How to secure non-human identities? with Andrew Wilder and Amir Shaked

This blog is based on our conversation with Andrew Wilder, Retained Chief Security Officer at Community Veterinary Partners and Amir Shaked, VP of R&D at Oasis Security. It covers the unique challenges of securing non-human identities.

How to secure non-human identities? with Andrew Wilder and Amir Shaked

As enterprises increasingly rely on APIs, microservices, IoT devices, and automated processes, the number of non-human identities within networks has surged. Properly managing and securing these identities not only improves your organization's security but also enhances operational efficiency and compliance. Experts Andrew Wilder and Amir Shaked share invaluable insights from their extensive research and experience in non-human identity security. This article describes the best practices and strategies for securing non-human identities, ensuring that your enterprise remains resilient against cybersecurity attacks and streamlined in its digital operations.

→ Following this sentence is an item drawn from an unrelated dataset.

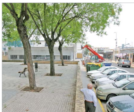
En la plaza Azorín se remodelará el pavimento, mobiliario y luminaria.

obras que se suman a las que ya están en marcha y que supondrán la adecuación de espacios públicos a la vez que se fomenta el empleo en la localidad

This article is based on the conversation with Amir and Andrew on the Elephant in AppSec - the podcast to explore, challenge, and boldly face the AppSec Elephants in the room.

In February, the Cloudflare breach highlighted the critical risks of managing non-human identities. Today, we’ll explore this fascinating topic with Andrew and Amir, discussing why these breaches occur, the main risks involved, and the anticipated proliferation of non-human accounts. We’ll also delve into the challenges of understanding the context around non-human identities.

Amir and Andrew's background

Andrew Wilder is the Retained Chief Security Officer at Community Veterinary Partners and the former Regional CISO for Nestle, where he spent 18 years shaping cybersecurity across the Americas, Asia, and Europe.

Amir Shaked is the VP of Research and Development at Oasis Security, specializing in Non-Human Identity Management. With a background in software development, Amir transitioned to cybersecurity, contributing to companies like PerimeterX and Human in R&D and Engineering.

Both Andrew and Amir are passionate about sharing their expertise. Andrew teaches cybersecurity at Washington University in St. Louis and serves on its Board, while Amir coaches engineering managers at GrowthSpace. They frequently speak at conferences and on podcasts, helping others learn from their extensive experience.

Watch the full interview below:

How to secure non-human identities?

Non-human identity management is a critical aspect of cybersecurity, especially for modern enterprises facing new challenges such as API sprawl. This topic has gained significant attention due to the increasing number of breaches and the complexity involved in managing these identities. It is an especially concerning topic as breaches can lead to serious sensitive data leaks, and strong repercussions for breaking certain regulations. The discussion with experts Andrew Wilder and Amir Shaked sheds light on the challenges and solutions in this domain.

What are non-human identities?

Non-human identities, also known as machine or workload identities, are crucial components in modern IT environments. These identities encompass a variety of digital credentials and accounts that enable automated processes and communications between machines, services, or applications. Unlike human identities, which are tied to individual users, non-human identities are designed to facilitate the seamless operation of systems without direct human intervention. Key examples of non-human identities include API keys, shared secrets, service accounts, and test accounts.

Contextual understanding

One of the primary challenges in managing non-human identities is understanding the context in which they are used. This includes knowing what the identity is used for, who is responsible for it, and how changes to it might impact production.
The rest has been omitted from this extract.